Terörüyle, ekonomik çıkmazıyla, dış politika kavgalarıyla, hukuksuzluk zincirleri ile kara bir yılı geride bırakıyor Türkiye.
Derler ya, “çivisi çıktı” diye, 2015’te Türkiye’nin çivisi çıkıyor.
2015’te beş ayda iki genel seçim yapıyor, iki genel seçim arasında 400’e yakın insan teröre kurban gidiyor. Ve terör hala ve hala, her gün şiddetini daha da arttırarak devam ediyor.
DNA’da bozulma
Toplumsal değerler anlamını yitiriyor. Yalan söylemek sıradan bir hal alıyor.
İktidarı destekleyenler ile karşı olanlar arasında diyalog tamamen kopuyor, diyaloğun yerini karşılıklı öfke alıyor. İktidar, yatıştırıcı olmak varken, tersine öfkeyi körüklüyor. Sosyal barış bitiyor. Gelenekler yıkılıyor.
TV’lerde “çalkala yavrum çalkala” programları, diziler, muhabbet seansları öne çıkıyor.
Aklı başında tartışmalar pek tutmuyor.
“Tartışma” adı altında, tek ses, tek nefesli programlarda “gazeteci kılıklı” birileri türüyor.
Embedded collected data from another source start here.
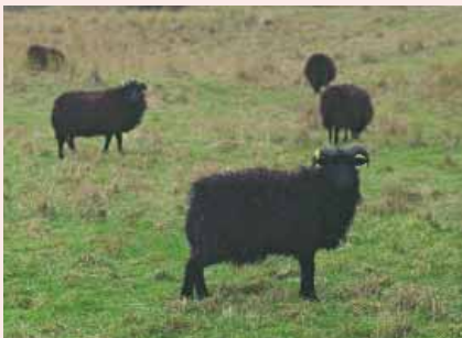
Sheep grazing on Spurn Head.

Sheep have thin mobile lips and move slowly over the sward nibbling the grass. They can graze very close to the ground which can result in tight 'lawn-like' vegetation. Sheep are very selective grazers and will target flowering plants which can have a negative impact on species diversity. Sheep can push their way through scrub and can browse saplings preventing new growth. However, they find it harder to graze longer vegetation which is often trampled instead.
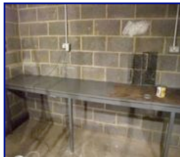
New benches for workspace
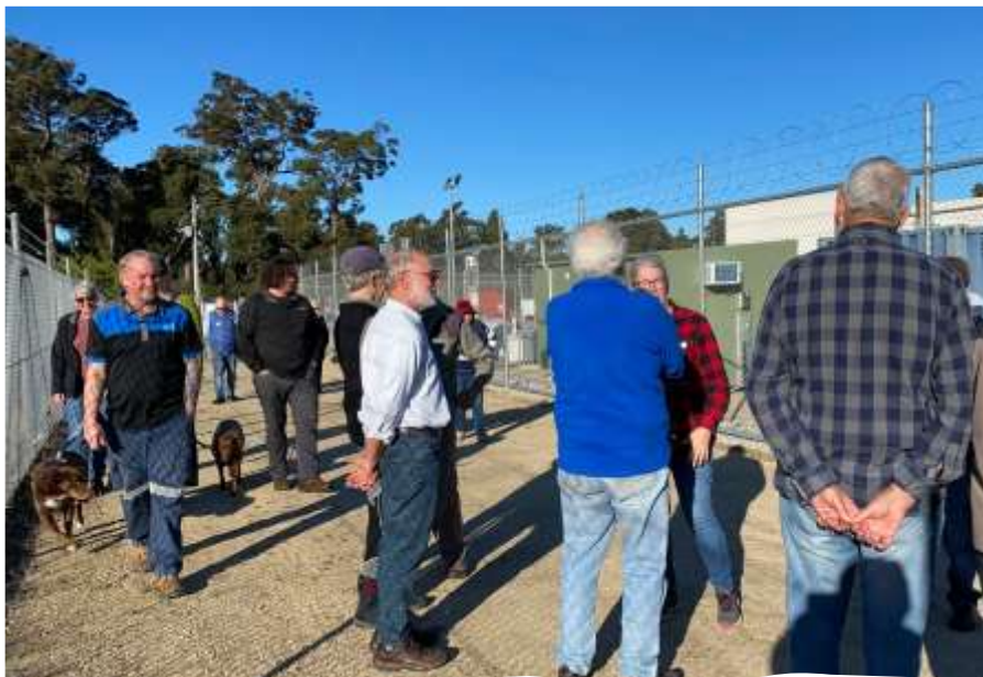
The Big Battery commissioned 28 May 2021
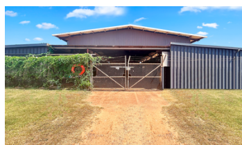
6A Traeger Circuit | $570K 2 bed | Commercial Rental
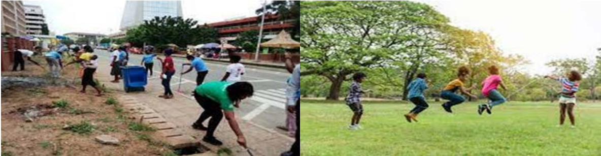
Fig 3.1 Incidental activity Fig 3.2 Physical Exercise

2. Sleep and relaxation: Sleep is a period of relaxation. It is a period of diminished mental and physical activity during which consciousness changes or is transformed, and bodily activity is reduced to some level. During sleep, muscular activity decreases and reactions to the environment are considerably decreased. It is advised that people sleep for 7-8 hours every night. This helps to:

O gün hangi konu ise, iktidarı öven, ertesi gün iktidarın tavrı değişmiş ise, o değişikliğe paralel, anında çark eden “gazeteci kılıklı” birileri.
Türkiye’nin DNA’sı bozuluyor, 2015’te bu bozulma haddini aşıyor.
Kayıplarımız
2015’te birbirinden değerli yazar, sanatçı, devlet adamı, iş adamı aramızdan ayrılıyor. Türkiye’yi Türkiye yapan, bir zamanlar Türkiye’nin DNA’sını oluşturan insanlar.
Süleyman Demirel, Yaşar Kemal, Çetin Altan, Müzeyyen Senar, Oktay Akbal, Bedri Koraman, Fikret Otyam, Erol Büyükburç, Zeki Alasya, Levent Kırca, Sadun Boro, Kayahan.
Onlar gibi, pek çok insan, hangi siyasal görüşte, hangi tutumda olursa olsun, Türkiye’nin çimentosu olan insanlar. Birbirlerini tamamlayan kimlikler.
Davalar fos çıktı
Son beş yılın acil kodu, iktidarın en palavra parolası “darbe girişimi, terör örgütü üyeliği”.
Bu nedenle açılan büyük davalar 2015’te fos çıkıyor. Balyoz, Ergenekon, ODA TV, Poyrazköy, fuhuş gibi davaların ortak yanı, “siyasi iktidara darbe girişimi, terör örgütü üyesi olmak”.
Bu davalarda yargılanan insanların başka derdi, iktidara darbe yapacak. Ama, bu davalarda yargılanan insanlar dört, beş yıl boşu boşuna hapiste yatıyor. General, amiral ve subaylar mesleklerinden oluyor. Hayata bedel kayıpların bir hiç uğruna tezgahlandığı ortaya çıkıyor.
Ortada ne darbe var, ne marbe, ne başka bir şey. Sadece koca bir yargı faciası. Tam bir cadı avı.
Son örnek: çArşı
Dün bu trajik zincire yenisi ekleniyor.
Yargıç anlı şanlı çArşı’ya soruyor: “Darbe mi yapacaktınız? Terör amaçlı örgüt mü kurdunuz?”
İnsan ağlasın mı, gülsün mü, bilemiyor. Ama, şakası yok, otuz beş çArşı üyesi için istenen ceza ağırlaştırılmış müebbet hapis. Sırf Gezi olaylarına katıldıkları için.
Dün o dava da beraatla sonuçlanıyor.
2015, İkinci Dünya Savaş yılları dahil, en feci yıl. Benzerini bir daha yaşamamak umuduyla.